Trade execution was the focus Thursday morning at the WBR Fixed Income Leaders Summit.
The first panel explored best execution — what is it and how far is the market from the ideal standard.
Much of the discussion centered around data and transparency, and a paradox therein. That is, every trading desk wants more data and transparency, immediately, to help their own trading — but those same desks don’t want to provide data and transparency around their own activity, as such a reveal could hurt their trading results.
“As an institutional trader, you want as much information as you can get but you want to give as little as possible,” said Isaac Chang, Managing Director at AQR Capital Management.
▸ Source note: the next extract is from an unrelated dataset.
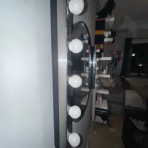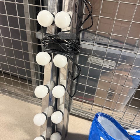 IKEA spegellampor med flera runda glödlampor monterade på en avlång list. Lamporna har sladd med strömbrytare och är avsedda att placeras runt eller vid en spegel för jämn belysning, exempelvis i badrum eller vid sminkbord. Passar för inomhusbruk.

The challenge is to find the sweet spot between not enough data and transparency, and too much data and transparency.
Chang noted a tenet of Econ 101 is that perfectly efficient markets need perfect information, so it is hard to make the argument that less information would make fixed income markets more efficient. But at the same time, the reality is that block trades are difficult to execute, and that could become more difficult with more transparency.
Bill de Leon, Global Head of Portfolio Risk Management at Pimco, argued that current information-disclosure requirements for corporate bond trading don’t allow enough time for institutions to finesse their big trades without tipping their hand.
The size of the corporate-bond market has about doubled as regulators have compacted trade-reporting times, while turnover has stayed about the same. “We have seen a deterioration in liquidity,” de Leon said. “Speeding up information hurts the ability of end users to transact because liquidity providers won’t provide liquidity.
What works with the standardization of the equity market may not work in fixed income. “Corporate bonds are not widgets — GE might have 100 bonds, but only one stock,” de Leon said. “An intermediary has to be willing to do that trade, and when information gets out quickly, that’s a problem.”
Neal Rayner, Head of U.S. Fixed Income Trading at Janus Henderson Investors, said he has a “love/hate” relationship with the Trade Reporting and Compliance Engine (Trace), which was introduced in 2002 and has expanded its sweep since then. “Sometimes it’s fantastic sometimes I wish it didn’t exist,” Rayner said.
Panelists cited the ‘winner’s curse’ phenomenon, in which the largest asset managers are the ones with the largest and biggest-footprint trades.
Mustafa Chowdhury, Head of Rates at Voya Investment Management, supported that notion. He indicated that Voya embraces transparency, at least partly because as a non-giant institutional manager, its trades are generally smaller and information about its trades is less likely to move markets in the wrong direction.
“It’s important to know where you are on the spectrum of big versus small,” Chowdhury said. “If you are an information taker, you want more information.”